Considerations of space have necessitated the editing of this paper. Care has been taken to retain all of the elements believed to be relevant to reader interest.
Local Content policies aim to leverage the extractive value chain to generate sustained and inclusive growth through economic diversification and employment opportunities and generate opportunities for regional integration and international trade. Additionally, Local Content can reduce countries’ dependence on external aid.
The implementation of effective Local Content policies depends on early engagement and collaboration among government, extractive industry companies, and communities.
Foreign capital in mineral and petroleum producing countries has historically driven investment and employment. However, the most valuable contribution to long term sustainable and inclusive growth comes from the ability of the extractive industries to generate further benefits to the domestic economy beyond the direct contribution of its value-added, through productive linkages with other sectors.
Government intervention in the petroleum and mining sectors to support broad-based economic growth is hardly a new trend. The extent and type of intervention has evolved over time from the restrictions on imports, and direct state intervention, to more complex policies aimed at creating backward and forward links. While these policies have the potential to stimulate broad-based economic development, their application in resource-rich countries has achieved mixed results.
Through a wide array of policy instruments employed by host governments, Local Content in the extractive industries is being given ever higher priority while oil, gas and mining companies now rate local content among the most significant expectations in the communities in which they operate.
While Local Content Policies (LCPs) have the potential to stimulate broad-based economic development their use has achieved mixed results. There are many reasons for that, not least the fact that the technological complexity of the petroleum sector often limits the possibility of developing links into the local economy. An economy that is very limited can hardly be expected to quickly supply services. A fast-growing extractive sector coupled with too ambitious local content targets may exacerbate supply bottlenecks arising from increased aggregate final demand. This would ultimately affect employment and output trends in other sectors of the economy, and create distortions and inefficiencies. Furthermore, the size and location of extractive projects also affect the type of potential links, and the speed at which they can efficiently develop.

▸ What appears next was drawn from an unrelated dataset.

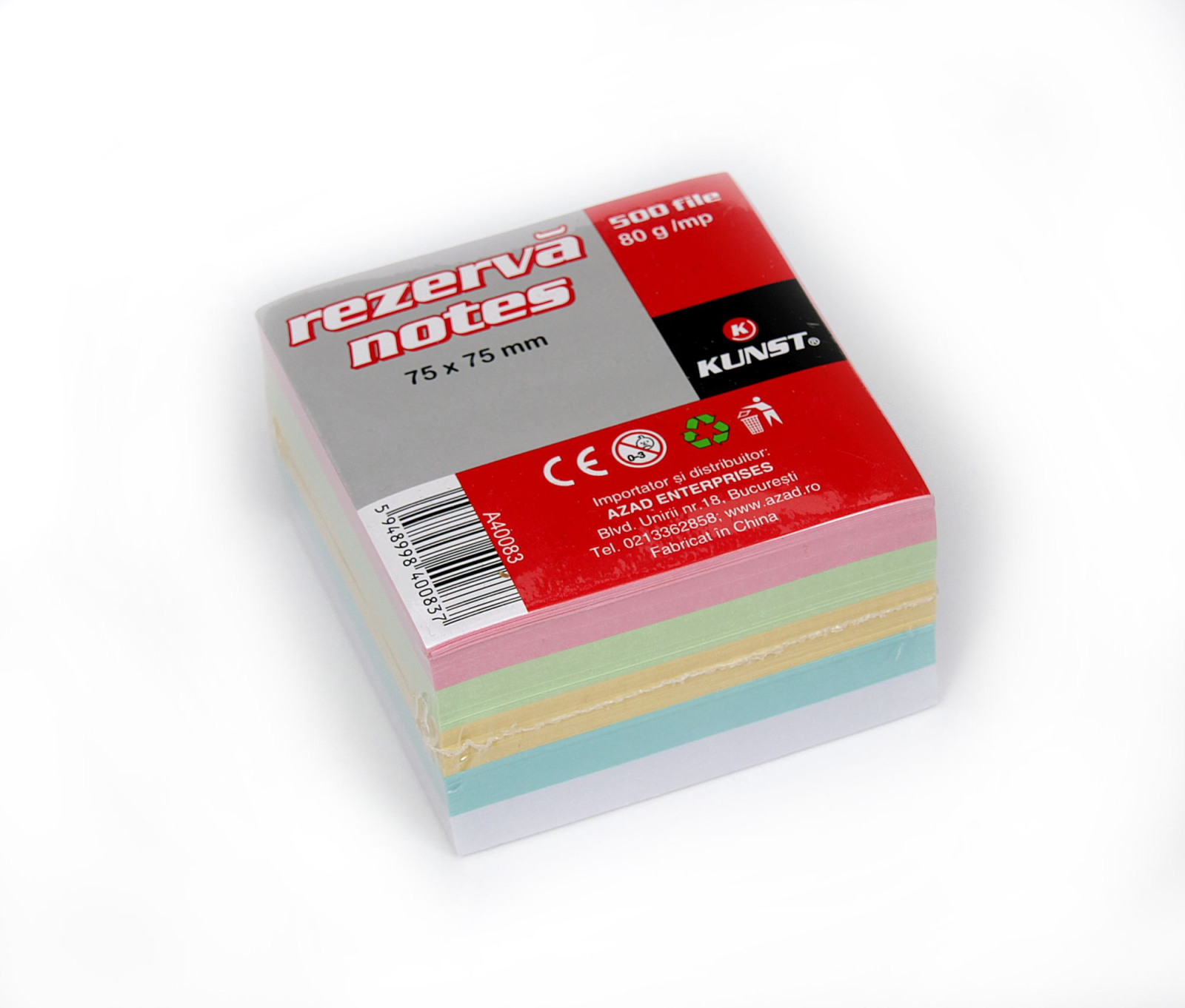 REZERVA CUB NOTES HARTIERezerva de notes adezive color - 5 culori 80 g/mp, 500 coli Dimensiune hartie: 7.5x7.5 cm

Since LCPs are part of a broader category of policy interventions aimed at strengthening the productive structure of a particular economy, their success largely depends on their interaction and coherence with broader economic development policies and related implementation tools. Accordingly, the success of regulatory interventions to increase local employment in the oil and gas sector may require an improvement in the quality of education, changes in labor mobility and improvement in infrastructure while policies leveraging economic diversification through the extractive industry may require stable macroeconomic policies that attract foreign investment, provide more leverage in trade agreements, and improve the financial market.

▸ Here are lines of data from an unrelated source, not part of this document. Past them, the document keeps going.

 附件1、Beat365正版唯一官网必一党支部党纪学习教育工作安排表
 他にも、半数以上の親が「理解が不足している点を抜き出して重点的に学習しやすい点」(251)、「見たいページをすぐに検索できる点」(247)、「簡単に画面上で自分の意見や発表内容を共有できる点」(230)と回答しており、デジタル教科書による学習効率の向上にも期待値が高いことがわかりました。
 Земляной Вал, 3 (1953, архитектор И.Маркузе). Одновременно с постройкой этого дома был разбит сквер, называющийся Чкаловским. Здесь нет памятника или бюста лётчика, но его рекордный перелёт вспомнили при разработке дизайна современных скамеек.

The sustainability of a newly created domestic manufacturing sector, for example, may require a level of demand that goes beyond the domestic market thus giving rise to the need for trade agreements, the development of resource corridors and regional integration.
Another important related issue connected to LCPs is their compliance with international trade regulation. Although trade agreements do not appear to have been a principal concern for governments in the design of LCPs, the overall sharpening of local content requirements in many resource producers has triggered recent trade proposals suggesting a renewed interest in promoting the liberalization of energy services, and access to WTO members’ markets by foreign suppliers.
These are complex challenges that can only be addressed with a common understanding and shared objectives among stakeholders. This requires early engagement and collaboration among stakeholders, and involves cross-sectoral, national, regional, local, and cross border considerations. Supporting local employment and a competitive and sustainable local industry goes well beyond the remit of the corporate social responsibility agenda, requiring industry-wide collaboration and multi-stakeholders involvement. Critically, private sector-led initiatives need to be grounded in the overall local content strategy of the government. The lack of a clear strategy and regulatory framework ultimately hinder local content development.
Research on LCPs design and implementation in the mining and petroleum sectors suggests that knowledge and capacity gaps, lack of common standards, and inadequate stakeholders’ consultation, are among the factors that determine the relative success of LCPs among resource-rich countries. To address these gaps, SEGOM, the World Bank oil gas and mining unit is leading efforts to create a global partnership on LCPs in extractives which seeks to be a catalyst to sustainable economic diversification and increased local employment through policy change, stakeholders’ facilitation, project implementation, and knowledge creation and sharing.
Engagement is required at three levels. First, at the global level through targeted research on LCPs’ effectiveness and related implementation and monitoring tools with the objective of generating the knowledge base for the development of guidance notes and tool-kits; secondly, at the country level, through technical assistance to governments for the design of LCPs and related implementation strategies and arrangements and thirdly, through knowledge sharing by way of advocacy and the promotion of effective LCPs through dialogue with a broad cross section of societal stakeholders in both the public and private sectors.